_What the task requires_. A faithful copy of the data below is required, leaving out every picture.

_Raw data_.
== Segment start ==
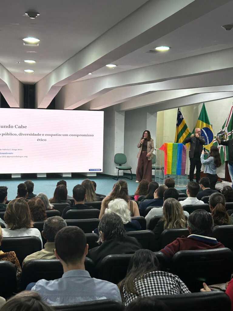 O evento seguiu com palestra da professora, doutora em Antropologia Social pela UFG e membro do Comitê Goiano de Enfrentamento à LGBTfobia e do Comitê Permanente para Questões da Mulher e Diversidade da UEG, Flávia Melo. Ela destacou o papel do Estado e do serviço público na promoção do respeito à diversidade e garantia de direitos.
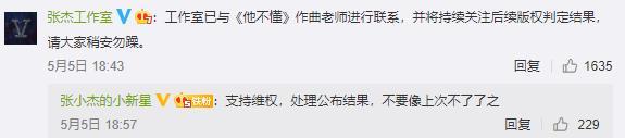 张杰工作室也在第一时间做出回应称“工作室已与《他不懂》作曲老师进行联系,并将持续关注后续版权判定结果,请大家稍安勿躁。”“尊重音乐作品原创,尊重依法维护合法权益!”
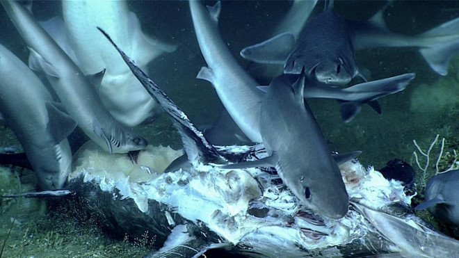 Các nhà nghiên cứu lặn xuống đáy biển chứng kiến kết cục bất ngờ sau khi đàn cá mập ăn thịt con cá kiếm.
== Segment end ==
_The answer_.
 O evento seguiu com palestra da professora, doutora em Antropologia Social pela UFG e membro do Comitê Goiano de Enfrentamento à LGBTfobia e do Comitê Permanente para Questões da Mulher e Diversidade da UEG, Flávia Melo. Ela destacou o papel do Estado e do serviço público na promoção do respeito à diversidade e garantia de direitos.
 张杰工作室也在第一时间做出回应称“工作室已与《他不懂》作曲老师进行联系,并将持续关注后续版权判定结果,请大家稍安勿躁。”“尊重音乐作品原创,尊重依法维护合法权益!”
 Các nhà nghiên cứu lặn xuống đáy biển chứng kiến kết cục bất ngờ sau khi đàn cá mập ăn thịt con cá kiếm.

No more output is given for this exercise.